- _PROVIDED MATERIAL_:
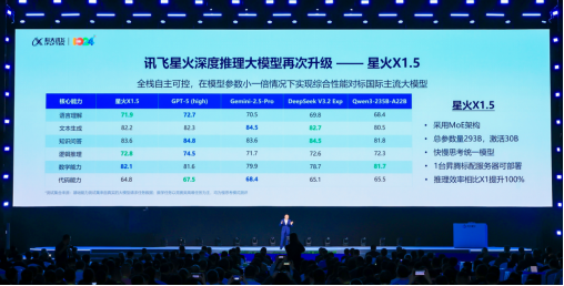 发布会上,深度推理大模型讯飞星火X1.5正式亮相。星火X1.5采用MoE架构,总参数量293B、激活30B,推理效率相比星火X1提升100%。它的语言理解、文本生成、知识问答、逻辑推理、数学能力、代码能力等六大核心能力全面对标国际主流,其中数学能力持续保持国际领先。其多语言能力覆盖超过130个语种,整体性能达到GPT-5的95%以上,其中拉美、东盟等14个重点语言效果领先,为世界提供了AI发展的“第二选择”。
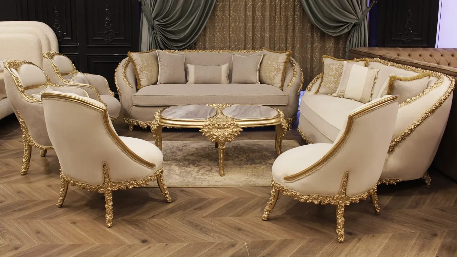الصالون معمول من خشب زان روماني أحمر تقيل وقوي، النوع اللي يعيش سنين ويستحمل الاستخدام من غير ما يتأثر، ويدي إحساس بالفخامة والثبات من أول مرة تشوفه.
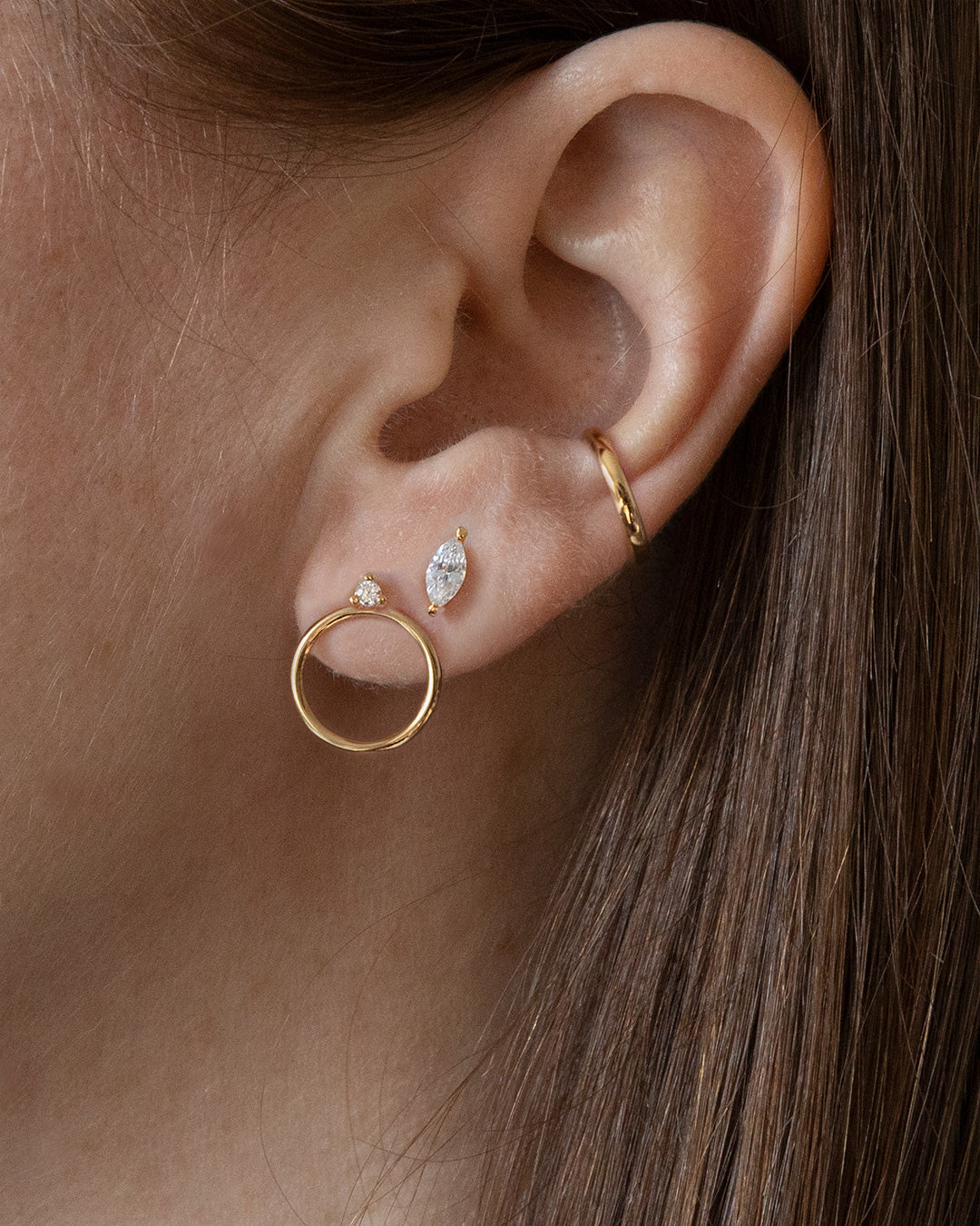 1. On your first piercing, put the Mini Solitaire Stud through your piercing and then attach the Circle Hoop Ear Jacket behind the lobe.

- _AIM OF THE TASK_:
Only what runs from the line with "الصالون معمول من" through the last line of the listing above belongs in the answer, set down exactly and free of pictures.

- _RESPONSE FOR THIS EXERCISE_:
الصالون معمول من خشب زان روماني أحمر تقيل وقوي، النوع اللي يعيش سنين ويستحمل الاستخدام من غير ما يتأثر، ويدي إحساس بالفخامة والثبات من أول مرة تشوفه.
 1. On your first piercing, put the Mini Solitaire Stud through your piercing and then attach the Circle Hoop Ear Jacket behind the lobe.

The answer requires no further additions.